In fact, since the Covid lockdowns were initiated in Great Britain as an example, it has been reported that incidence of abusive head trauma in children has risen by almost 1,500%!8
Similar catastrophic head trauma in babies that is linked to the Covid pandemic has been reported in Canada! There has been a devastating trend in Ottawa, Canada hospitals with a rise in the number of little children and babies being seen with catastrophic head injuries during the second wave of Covid-19. Covid-19 has cost lives and our government leaders and health agencies with television medical experts are partly to blame for their nonsensical and seemingly politicized decision-making that had no scientific basis. Look at what they have done!9
Sadly, our children will bear the catastrophic consequences and not just educationally, of the deeply flawed school closure policy for decades to come (particularly our minority children who were least able to afford this). They have done this, the CDC, NIH etc. have cost children lives and done immeasurable damage to our children by increasingly recognized deeply destructive, and nonsensical policies.10
Illogical and Nonsensical Information
These experts and agencies have known for a long time, certainly many, many months now (since summer of 2020 and before) that children are at little if any risk of spreading the infection or taking it home. They knew that schools offer a sort of vanguard safety net protection in our society for children and that children are often way better off within the school setting.
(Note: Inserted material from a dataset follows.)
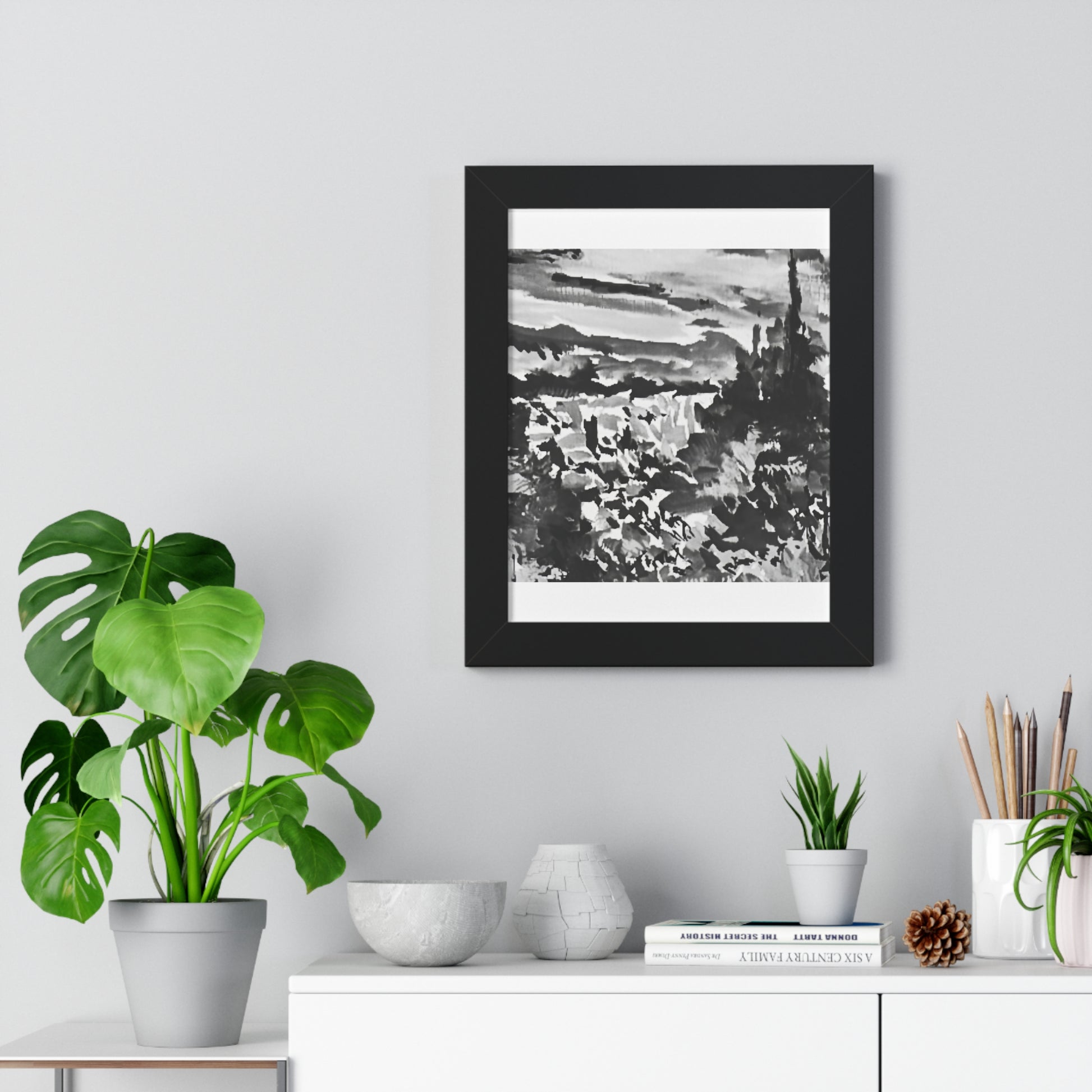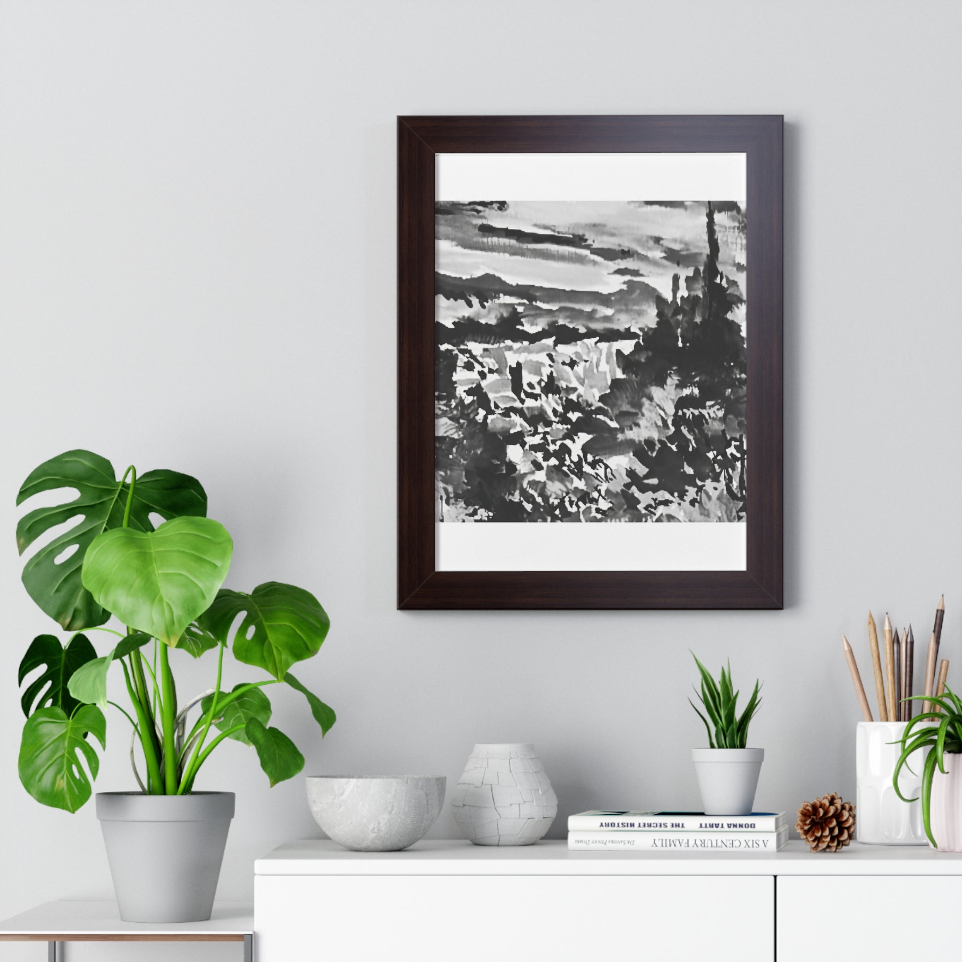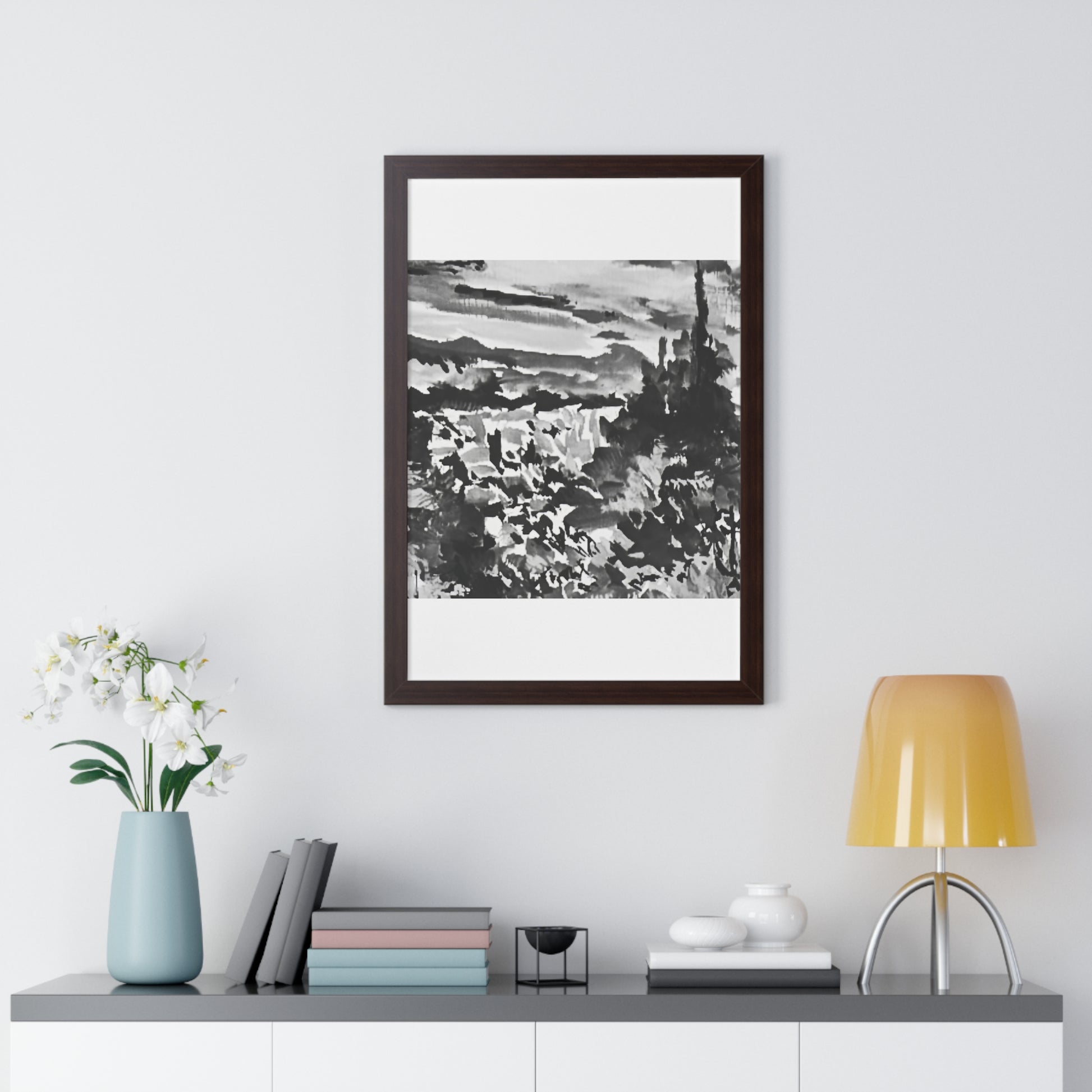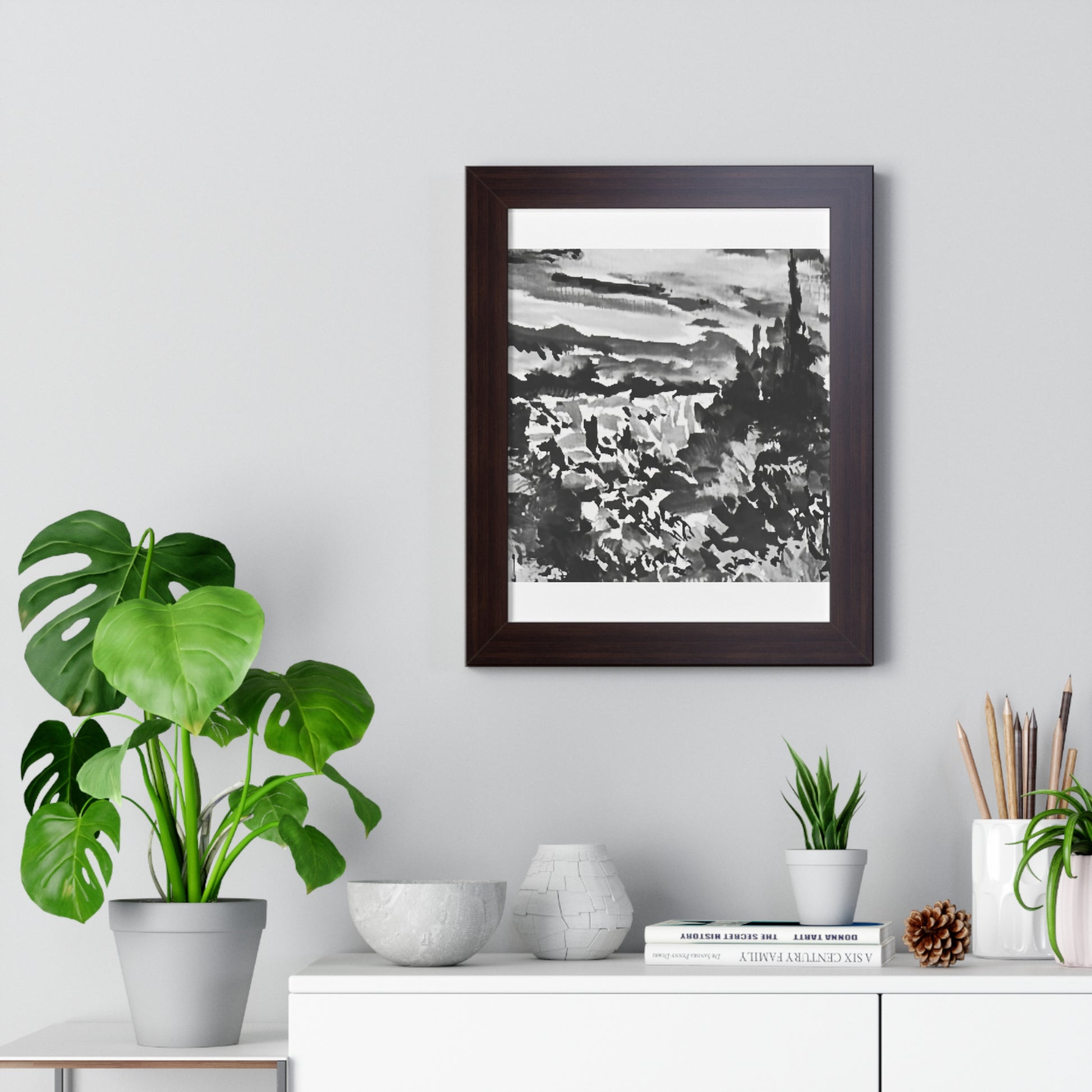 Tranquil forest dense tree gouache painting - Framed Vertical Poster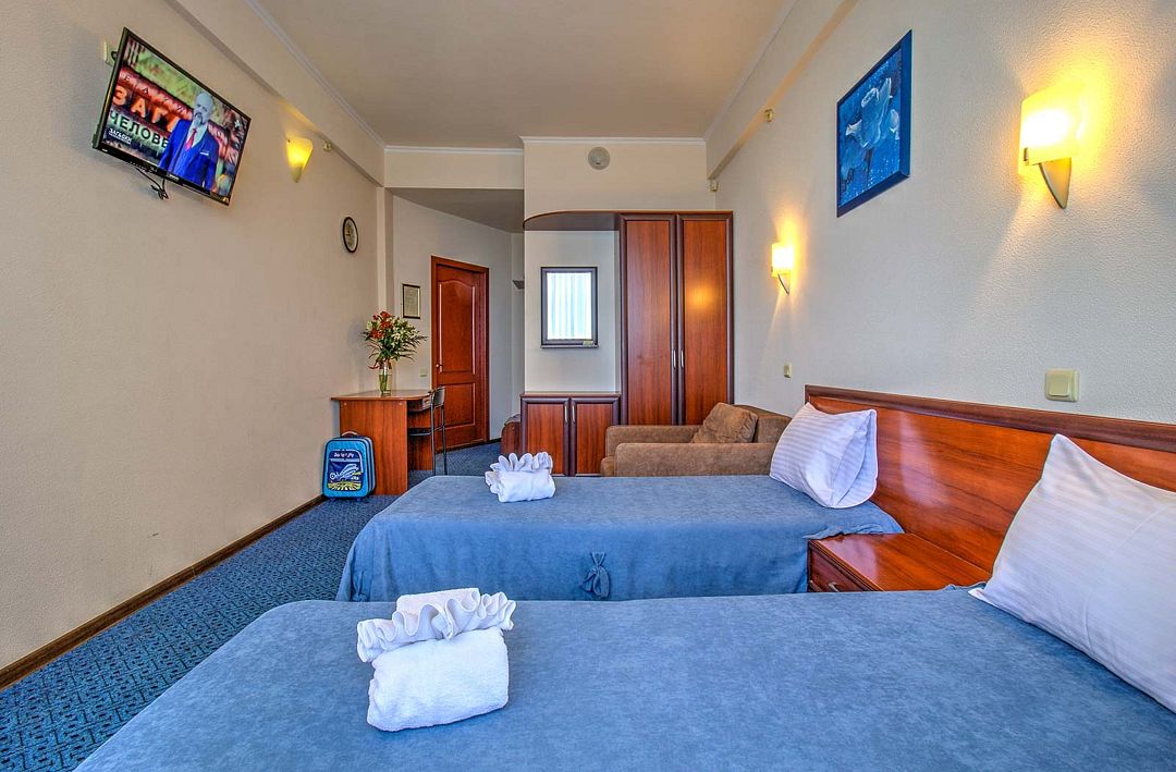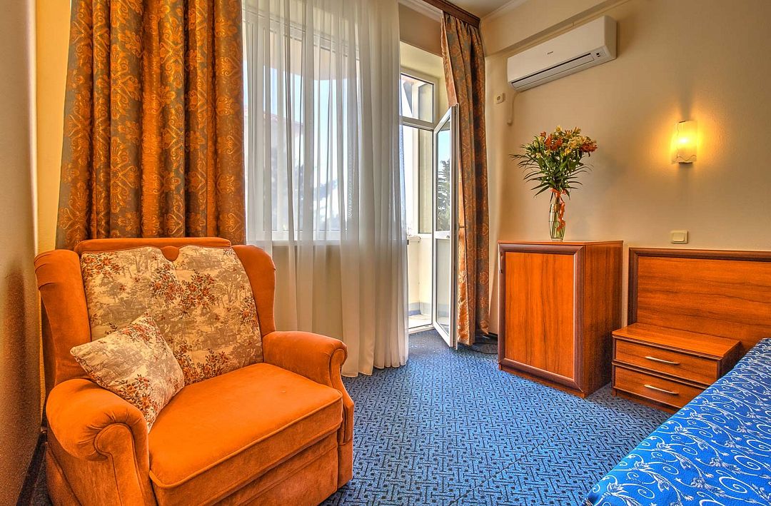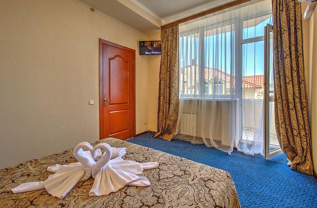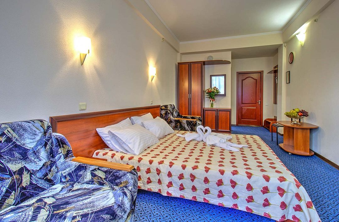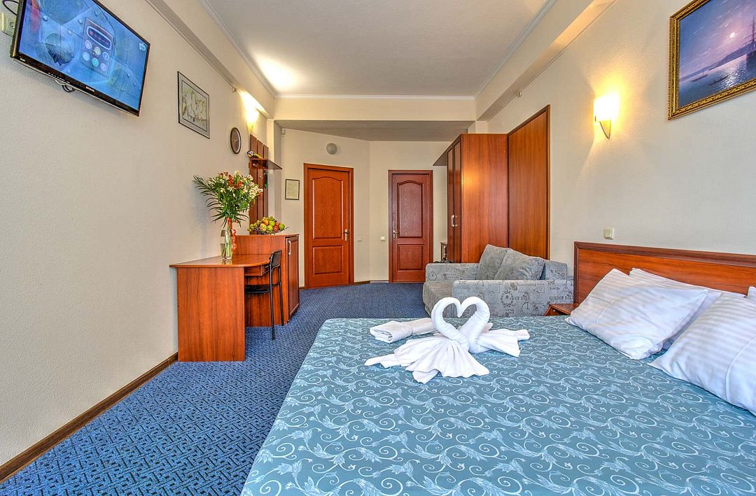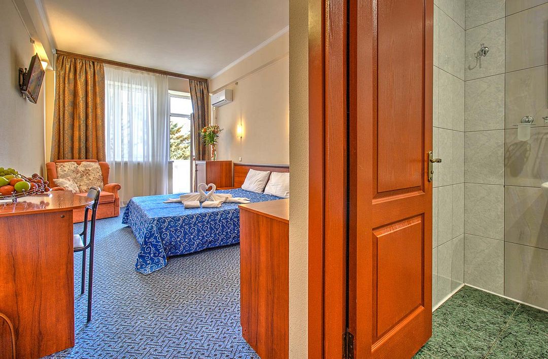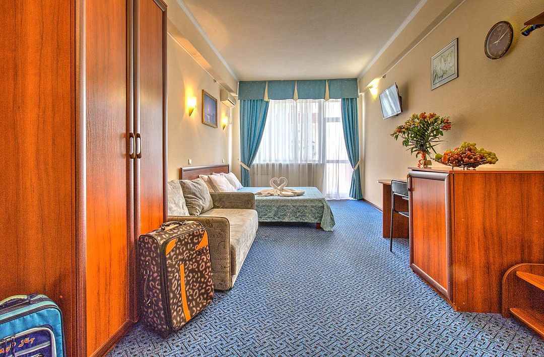 Стандартный однокомнатный номер общей площадью 22 кв.м с двуспальной или двумя односпальными кроватями, открытым балконом с прекрасным видом на Черное море – комфортабельный и выдержанный в элегантном стиле. Каждый номер идеален для гостей, которые хотели бы отдохнуть от суеты и насладиться морскими пейзажами. Дополнительное место-раскладное кресло. Парковки у Отеля нет!Услуги и удобства

Yet despite what the available science showed, they continued their school closure positions and policies and urgings, that emboldened the unions and teachers to react and behave as they currently are despite the overwhelming science. Why wouldn’t teachers and unions be petrified out of their minds based on the consistently illogical and nonsensical information emerging from our government agencies and medical experts? Yet this misguided policy continues and with mask-use and other mandates. Are we to believe that all aspects of the pandemic’s response i.e. lockdowns, masking, vaccine etc., are fraught with these policy irregularities and aberrancies that are devastating to the public? As an example, we have doctors presently trying to mainstream early outpatient treatment for Covid in high-risk patients using established safe, cheap, effective, and available drugs but getting pilloried by the nihilistic medical experts and establishment. Such early ambulatory sequenced and combination treatment is a potential option that may reduce hospitalization and death.